Thursday, June 13, 2013
So I haven't posted in here in almost a year. The thought crossed my mind the delete this, but I know how I am. I would regret the hell out of that decision and then want to write about how much of a mistake it was to delete my blog but have nowhere to write it, and the internal conflict would drive me insane. So instead of writing something long and wistful, lamenting my time away… I’m going to pretend like it never happened and get with the getting on. In the last almost year lots of things have gone on. People were sick, people are sick. My mother was diagnosed with cancer, I was in love but ended up getting my heart broken. I’ve made some bonds with some amazing people that I can personally guarantee will never sever.
I’m beginning to think I’ve inherited some doormatic (I invented that word) qualities from my mother. I tend to give everyone and everything and every situation I come across the benefit of the doubt time and time again.

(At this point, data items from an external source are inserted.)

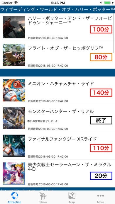 ユニバーサルスタジオのアトラクションの待ち時間がわかりやすく表示される。便利で使いやすい
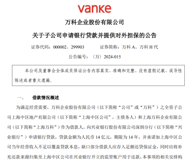 公告显示,上海中区公司是上海万科的全资子公司,此次申请贷款是为了偿还万科在存量房地产领域相关贷款和公开市场债券。
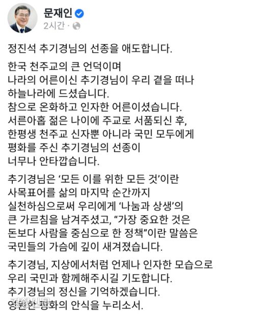 문 대통령은 이날 사회관계망서비스(SNS)에 올린 글에서 “한국 천주교의 큰 언덕이며 나라의 어른이신 추기경님이 우리 곁을 떠나 하늘나라에 드셨다. 참으로 온화하고 인자한 어른이셨다”며 이같이 밝혔다.

I think it makes me look like someone who doesn’t need emotional tending because I’m so involved in making sure whoever I’m involving myself gets to feel their feelings that my feelings get more than overlooked. How’s that for a run-on sentence? I will tend to other people and other things until my fingers are worn down to bloody nubs, all the while thinking I’m feeling this thing or that thing but keeping it to someone who isn’t even myself. What do I mean? I’ll explain. It’s like I don’t even let my feelings get bottled up because I don’t keep them anywhere near the empty bottles. It’s more like I’m thinking them into one of those astronaut training rooms, where there’s no gravity and things will bounce around for eternity if you don’t stop them. So instead of having that bottle that’s ever-filling for me to reference, I have this spastic chamber that bounces emotions off of me left and right, making it difficult for me to express what I’m feeling when I’m feeling it. I know, it’s epic. And it’s probably the most important thing you’ll ever read in the history (and future) of ever… so you may want to bookmark this entry now.

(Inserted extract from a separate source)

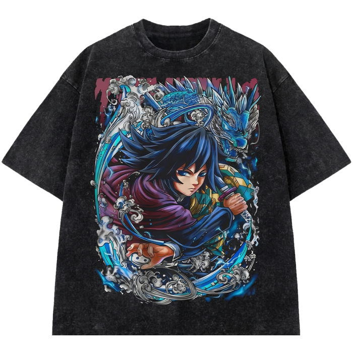Giyu Tomioka Anime Vintage Washed Tee , Demon Slayer Manga Streetwear Shirt Japanese Distressed Oversized T-Shirt

I needed to take a real hiatus from updating because felt like all I was saying, all I was writing, was really about trying to figure out how to make my life read the way I wanted it to read. And when I read my posts over and over again I felt like cataloging my indecision only made it worse. I was constantly reminded of things I told myself I should be doing without ever making any steps toward doing them. It’s very hard to dig yourself out of your current state of thought when you’ve surrounded yourself with your demons from the past.I think I am finally realizing the secret to life and maintaining a healthy relationship. Social things have been up and around, over and everywhere. Trying to figure out life without certain stimulation and the never-ending pull of the NYC nightlife is hard, but very doable. I hate it when people tell you to stay true to yourself. Stay true to me kicking you in the throat. Instead I like to think that all of my loves and interests and hobbies are like little flames dance around my heart. Isn’t that a pretty visual? And my struggle thus far has been keeping all of the flames lit without have some burn out of control and the others go out. I think all of the things I involve myself with are important. If I let things fade just to make life easier or to make my interactions with someone easier I’m not doing either of us justice. The point of me being myself and you being yourself is that when we come together we enrich each other’s lives.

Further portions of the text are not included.